YOUR TASK> Using the data below, return word for word every line from the one holding "Erdemliler Yolu Akademisi, yeni" down to the one holding "早前法國名廚Charles Soussi". Leave pictures out.

[TASK INPUT — start]

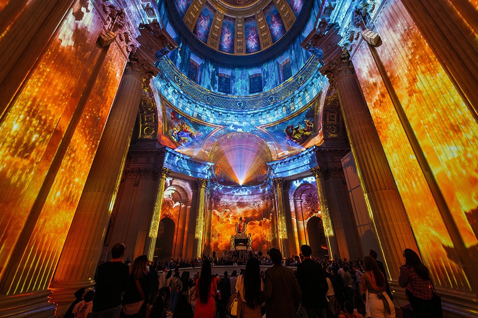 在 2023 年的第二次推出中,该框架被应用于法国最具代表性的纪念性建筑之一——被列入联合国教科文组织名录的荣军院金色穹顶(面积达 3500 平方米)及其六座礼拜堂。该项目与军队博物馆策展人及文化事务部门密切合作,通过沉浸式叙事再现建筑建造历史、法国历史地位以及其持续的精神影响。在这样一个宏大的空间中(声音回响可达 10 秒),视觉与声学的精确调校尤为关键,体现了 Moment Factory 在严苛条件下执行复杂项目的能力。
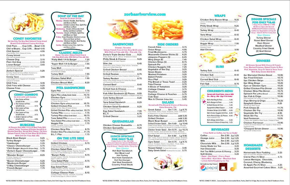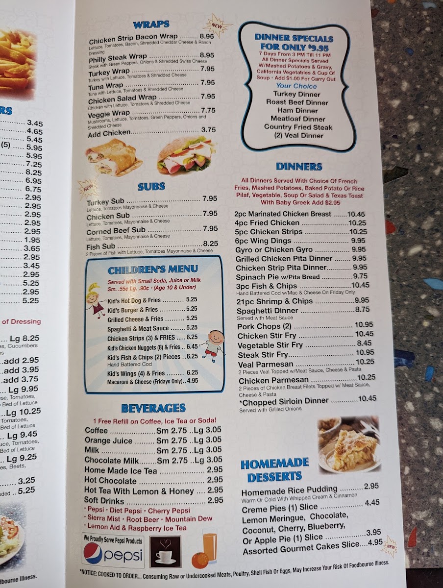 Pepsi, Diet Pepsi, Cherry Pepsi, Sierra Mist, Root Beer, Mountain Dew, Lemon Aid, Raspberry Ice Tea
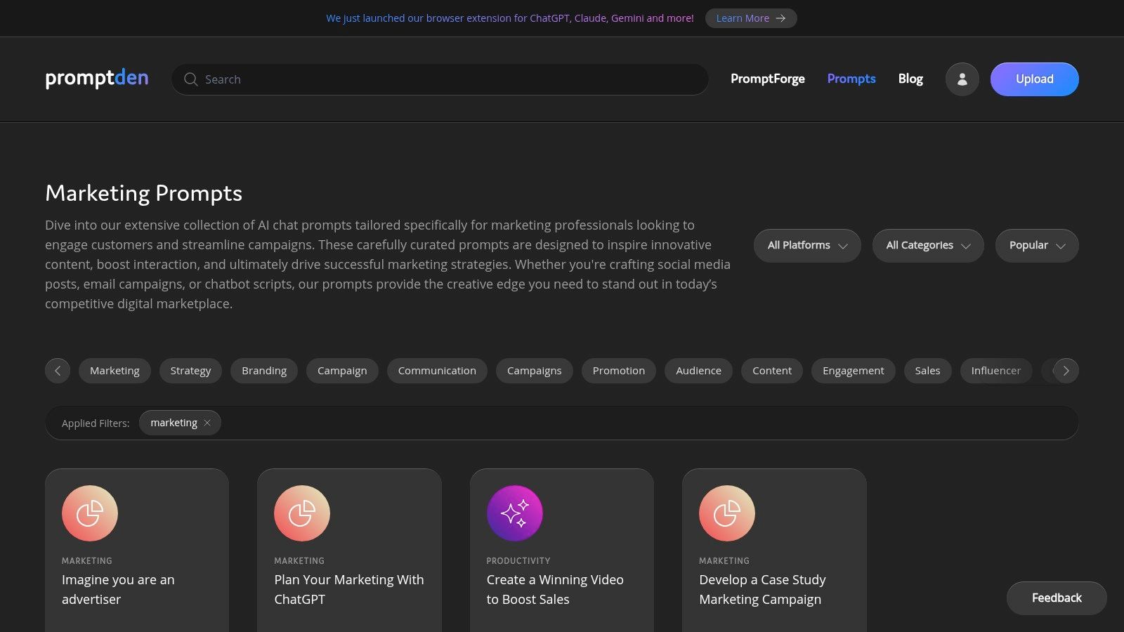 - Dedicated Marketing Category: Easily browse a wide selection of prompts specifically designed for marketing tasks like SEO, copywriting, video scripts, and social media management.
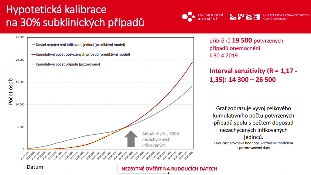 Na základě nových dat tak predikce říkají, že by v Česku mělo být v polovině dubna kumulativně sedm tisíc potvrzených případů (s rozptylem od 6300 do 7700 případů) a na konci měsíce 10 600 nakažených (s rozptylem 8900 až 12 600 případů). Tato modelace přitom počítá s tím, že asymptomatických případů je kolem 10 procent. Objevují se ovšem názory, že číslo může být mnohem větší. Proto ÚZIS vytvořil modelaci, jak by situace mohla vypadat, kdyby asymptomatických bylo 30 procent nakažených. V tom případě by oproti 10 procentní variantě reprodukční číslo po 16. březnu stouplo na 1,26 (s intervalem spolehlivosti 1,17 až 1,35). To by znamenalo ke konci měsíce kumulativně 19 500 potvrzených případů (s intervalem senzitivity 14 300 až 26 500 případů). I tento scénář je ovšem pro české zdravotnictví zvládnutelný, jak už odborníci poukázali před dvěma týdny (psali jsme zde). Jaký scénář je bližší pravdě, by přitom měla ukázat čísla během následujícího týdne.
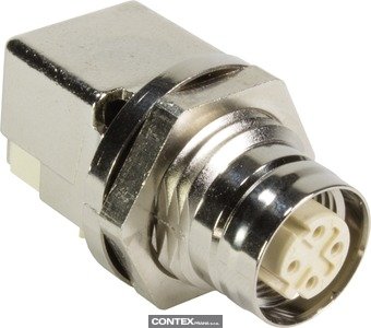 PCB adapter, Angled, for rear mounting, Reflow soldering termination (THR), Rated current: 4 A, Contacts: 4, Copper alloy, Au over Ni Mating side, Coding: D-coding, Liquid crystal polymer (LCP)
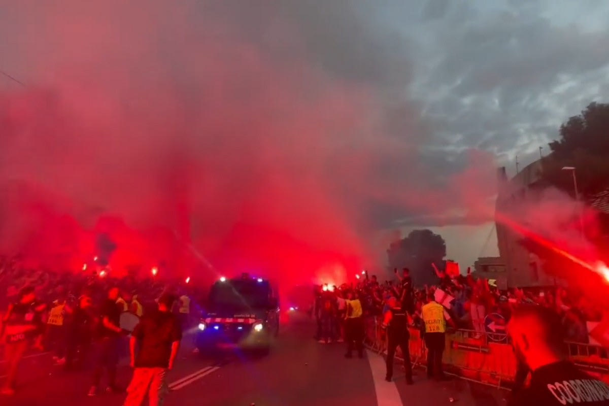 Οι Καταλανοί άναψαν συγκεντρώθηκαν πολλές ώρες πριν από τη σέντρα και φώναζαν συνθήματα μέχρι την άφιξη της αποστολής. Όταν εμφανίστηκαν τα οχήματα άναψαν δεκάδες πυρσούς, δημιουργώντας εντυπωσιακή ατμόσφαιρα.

[TASK INPUT — finish]
[TASK INPUT — start]

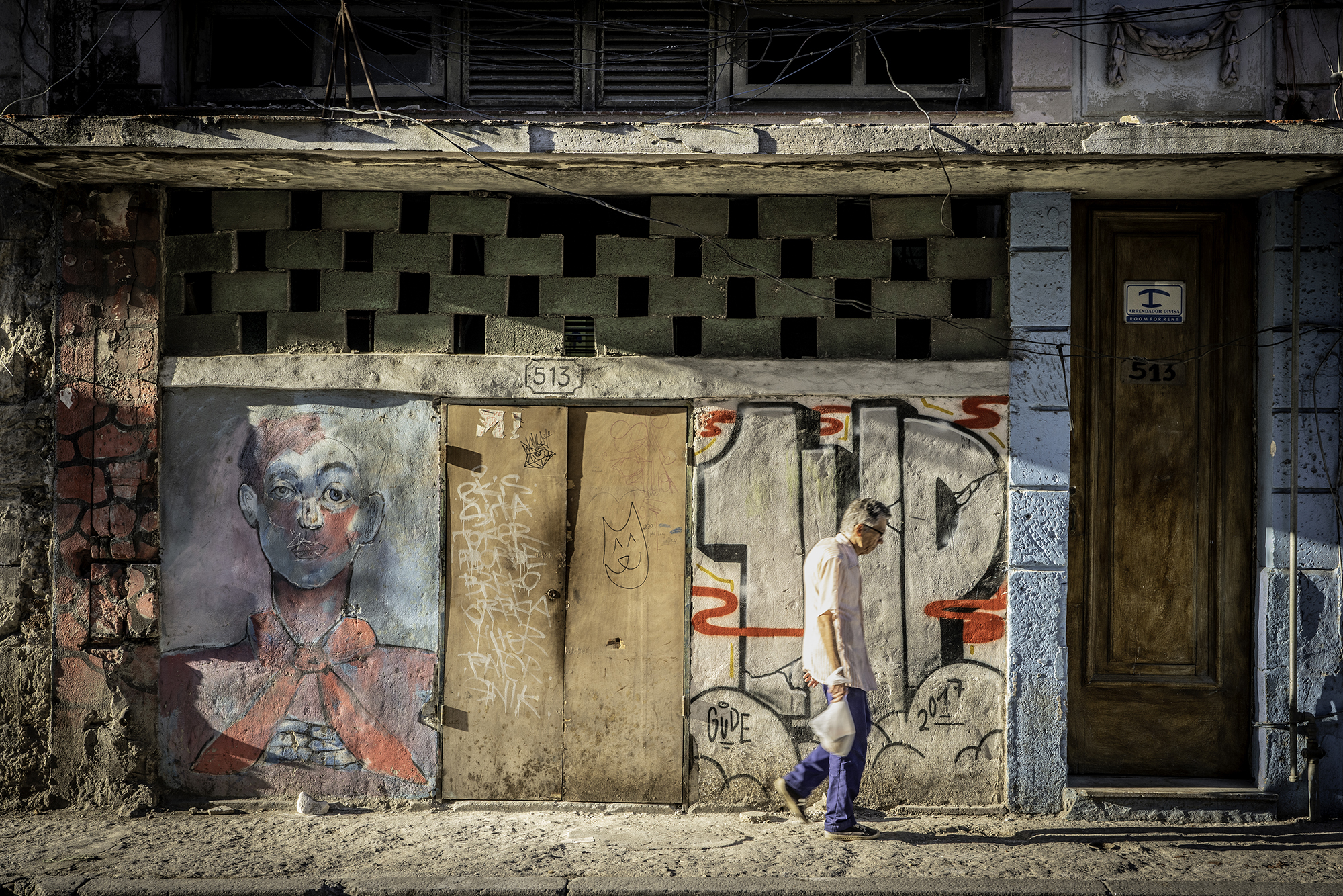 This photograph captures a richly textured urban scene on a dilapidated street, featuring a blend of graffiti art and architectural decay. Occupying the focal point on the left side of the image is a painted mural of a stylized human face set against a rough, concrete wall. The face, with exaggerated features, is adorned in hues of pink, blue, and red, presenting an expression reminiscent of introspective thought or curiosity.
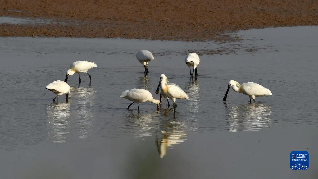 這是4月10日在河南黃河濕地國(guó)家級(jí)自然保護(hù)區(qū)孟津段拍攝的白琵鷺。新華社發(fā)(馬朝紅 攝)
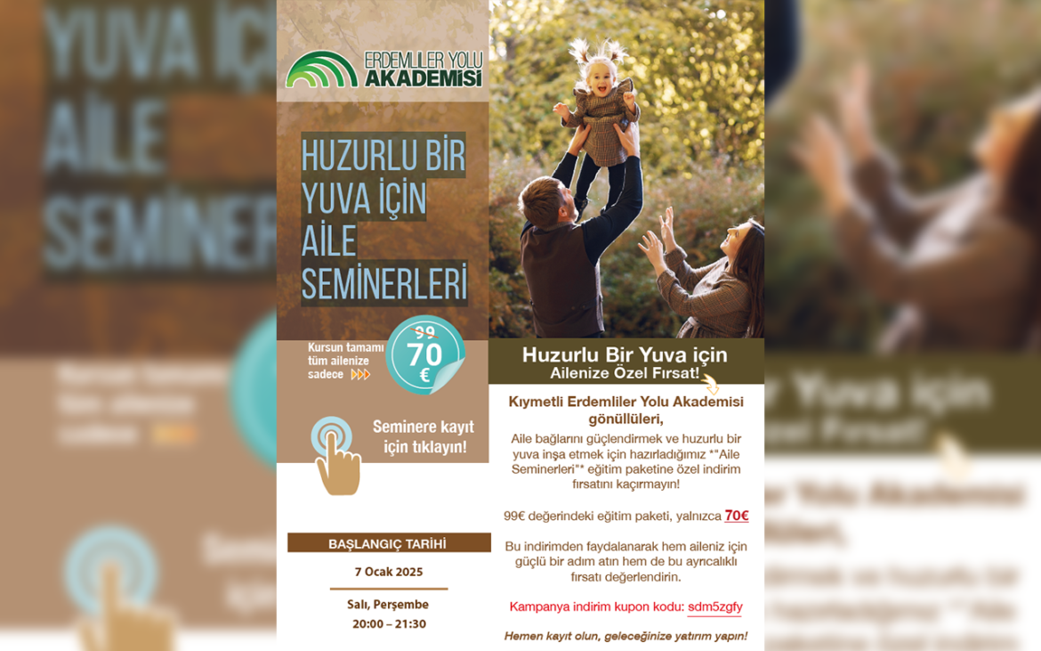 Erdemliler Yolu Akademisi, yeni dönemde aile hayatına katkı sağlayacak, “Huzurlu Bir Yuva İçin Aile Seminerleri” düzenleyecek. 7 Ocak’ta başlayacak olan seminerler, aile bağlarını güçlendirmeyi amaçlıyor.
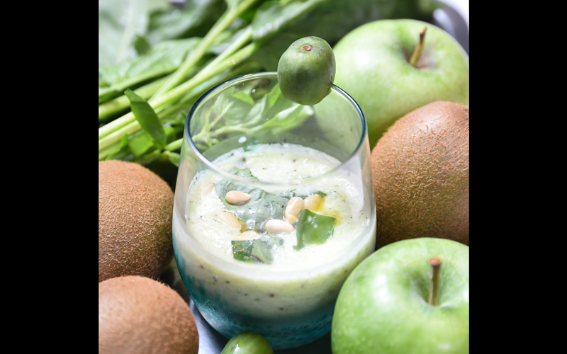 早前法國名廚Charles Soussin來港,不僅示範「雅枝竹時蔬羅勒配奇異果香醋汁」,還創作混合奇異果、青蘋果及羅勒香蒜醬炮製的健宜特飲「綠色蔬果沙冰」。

[TASK INPUT — finish]

COMPLETED TASK>
 Erdemliler Yolu Akademisi, yeni dönemde aile hayatına katkı sağlayacak, “Huzurlu Bir Yuva İçin Aile Seminerleri” düzenleyecek. 7 Ocak’ta başlayacak olan seminerler, aile bağlarını güçlendirmeyi amaçlıyor.
 早前法國名廚Charles Soussin來港,不僅示範「雅枝竹時蔬羅勒配奇異果香醋汁」,還創作混合奇異果、青蘋果及羅勒香蒜醬炮製的健宜特飲「綠色蔬果沙冰」。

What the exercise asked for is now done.